Entre retrocessos e avanços

Entre as patologias que podem ser tratadas ou ter seus sintomas amenizados com a cannabis medicinal, estão a ansiedade, depressão, Alzheimer, esclerose múltipla e glaucoma. A biomédica Aline Vitória mapeou 164 patologias em que a cannabis pode ser usada como tratamento, todas com comprovação científica.

Além de pesquisar o assunto, Aline faz uso da maconha. Ela sofre de neuropatia periférica rara, que causa compressão da raiz nervosa da medula óssea. Por conta da doença ficou dois anos sem andar, e após o início do tratamento com cannabis conseguiu retornar a sua rotina de vida.

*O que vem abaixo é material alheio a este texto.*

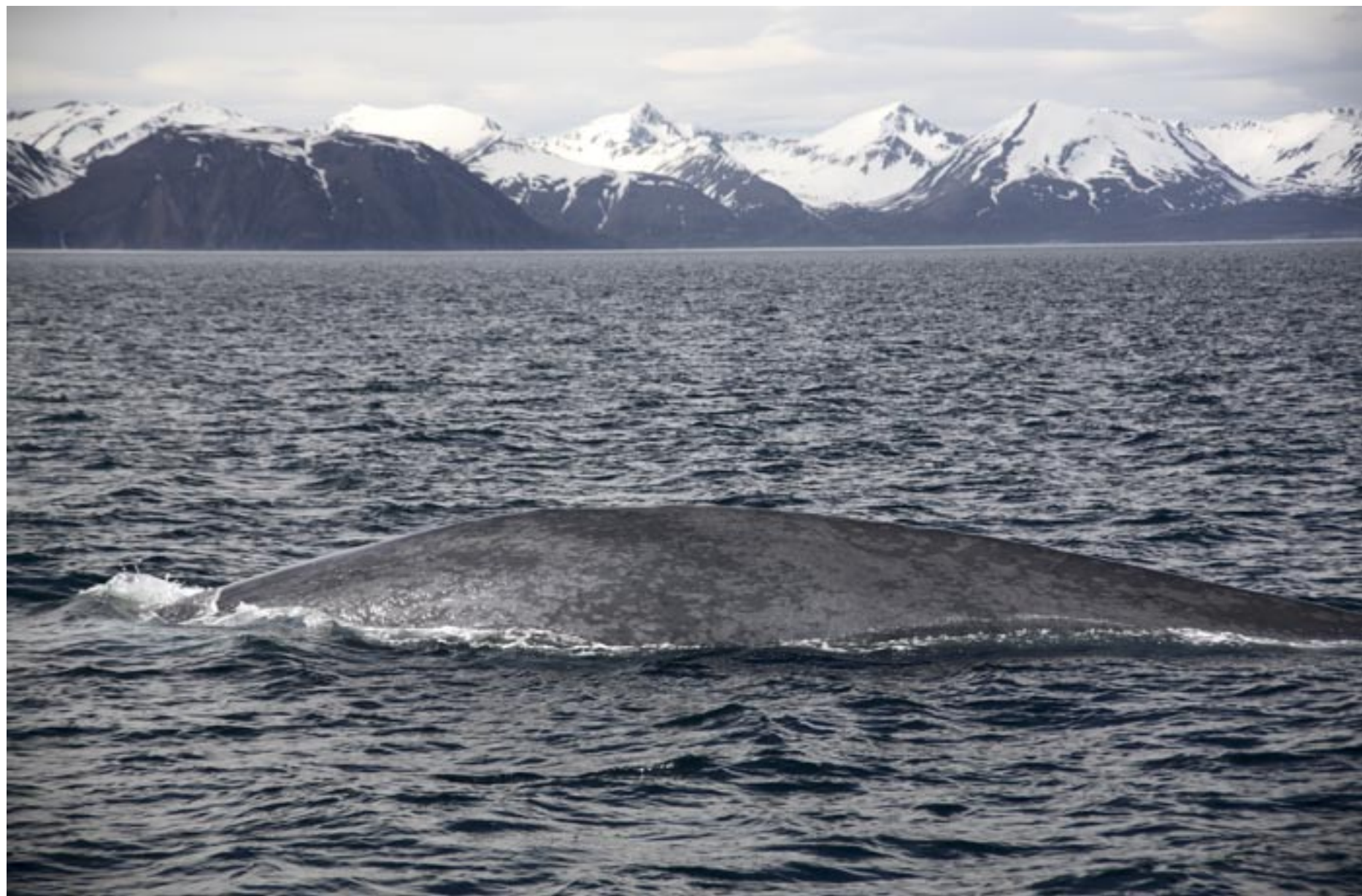
Blåval, sedd i viken Skjálfaflói strax utanför Husavik.

A biomédica explica ainda que a planta pode ser usada de diferentes formas. Além do óleo, formato mais comum, existe bala de goma, a vaporização da flor da maconha, creme, aerosol e solução líquida.

Mesmo diante das comprovações de eficácia da cannabis medicinal, o CFM (Conselho Federal de Medicina) publicou no dia 14 de outubro uma resolução restringindo as possibilidades a sua prescrição. O documento altera a norma emitida em 2014 e dispõe que medicamento só pode ser prescrito em casos de epilepsia.

Para Aline, a atitude do CFM foi conservadora e ignorou a literatura científica. No dia 25 do mesmo mês, após pressão da sociedade civil e associações cannabicas, o conselho suspendeu a resolução.

“Reforço que esse caso demonstra que mesmo em meio a avanços na regulamentação da cannabis, é necessário haver resistência e mobilização dos movimentos sociais”, pontua Monique.

A assessora parlamentar considera que apesar da resistência de grupos de interesse contrários, a regulamentação da cannabis medicinal é uma questão de tempo. Mas aponta uma preocupação: ativistas temem que na construção de uma regulamentação “movimentos sociais sejam desamparados em benefício de grandes empresas e sem a implementação de uma reparação histórica para a população mais atingida pela guerra às drogas”.